MB Quick Take: While the 3-year plan says that DDMPR is prepared to accept land assets from its parent, DoubleDragon [DD 6.70 unch], that’s not any different from last year’s messaging on the same topic.
MREIT [MREIT 14.2 1.7%] [link] 3-year plan reveals 200 basis point drop in occupancy (from 97% to 95%) on top of a three-quarter trend of falling distributable income. MREIT’s lower Q3 dividend was 100% of MREIT’s distributable income for the quarter. MREIT reiterated that it is on-track to achieve its target of 500,000 square meters of gross leasable area by the end of 2024, with plans to acquire an additional 175,000 sqm of leasable area in addition to the property-for-share swap deal that it announced earlier in 2022.

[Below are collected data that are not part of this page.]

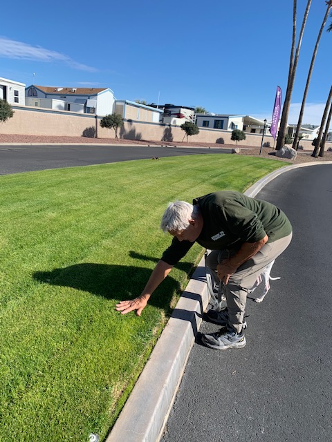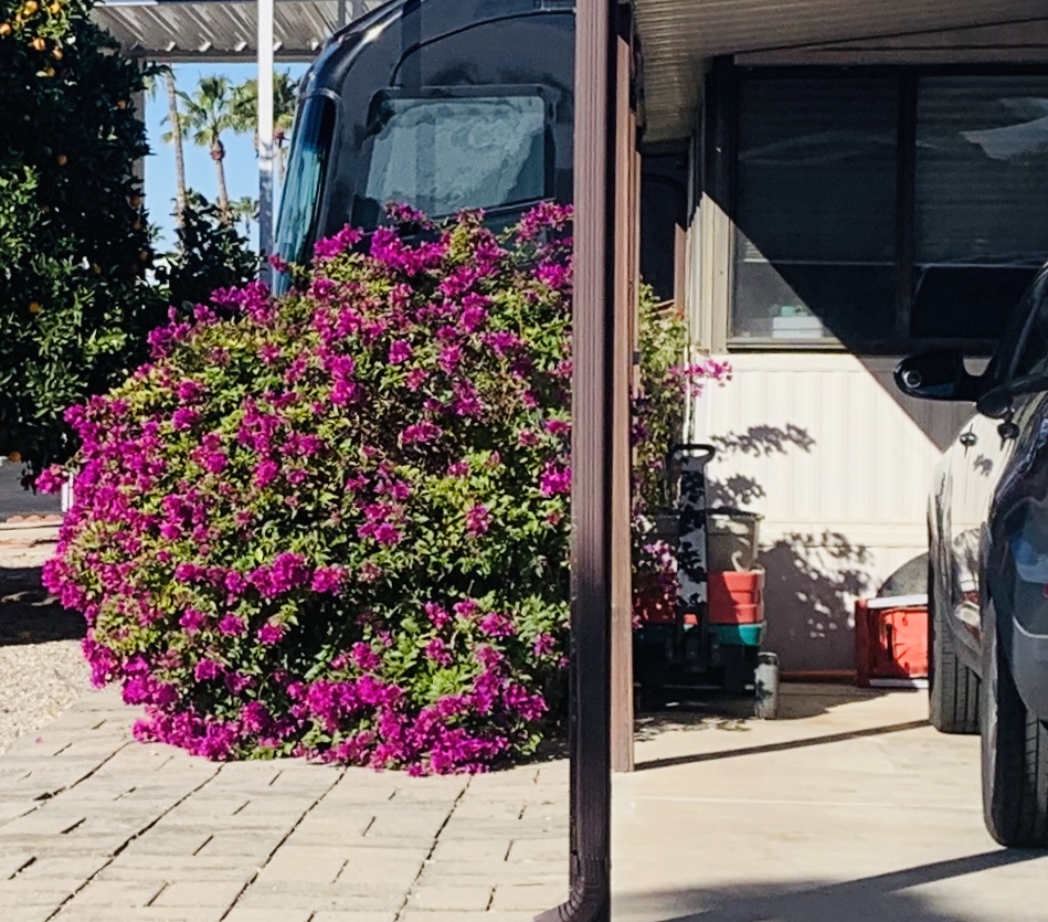 Our walk around the perimeters of the rv park. It’s nice to see the plants with flowers and the green grass.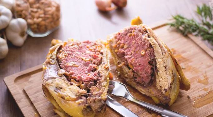 Coprite con coperchio e lasciate cuocere a fuoco molto basso per almeno 2 ore. Se possedete un termometro da cucina per una maggiore precisione sulla cottura saprete che il cappone sarà prono quanto raggiungerà gli 80°C. Alternativamente potete utilizzare uno spiedino da cucina: se punzecchiandone le carni osserverete uscire un liquido chiaro il cappone sarà cotto, se il liquido è rosato allora il cappone necessita di prolungare la cottura. Il cappone ripieno è quindi pronto e può essere tagliato per essere gustato.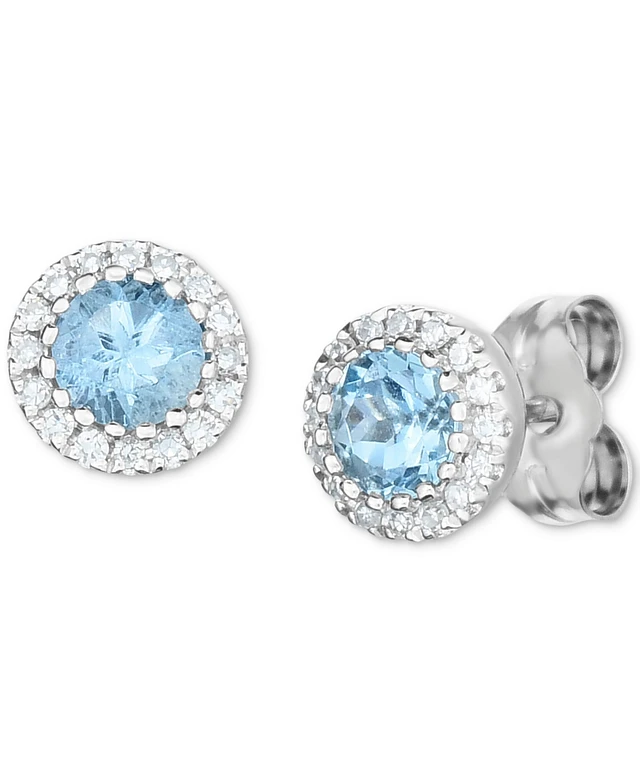 Aquamarine (1/2 ct. t.w.) & Diamond (1/8 ct. t.w.) Halo Stud Earrings in 14k White Gold

MB Quick Take: I like MREIT’s aggressive approach to growth, but I don’t like to see degrading operational metrics. Falling occupancy represents reduced efficiency and lost dividend returns for investors. Padding MREIT’s GLA stats over the next two years will make for great headlines, but those leasable square meters are only as good as the leases that MREIT is able to negotiate.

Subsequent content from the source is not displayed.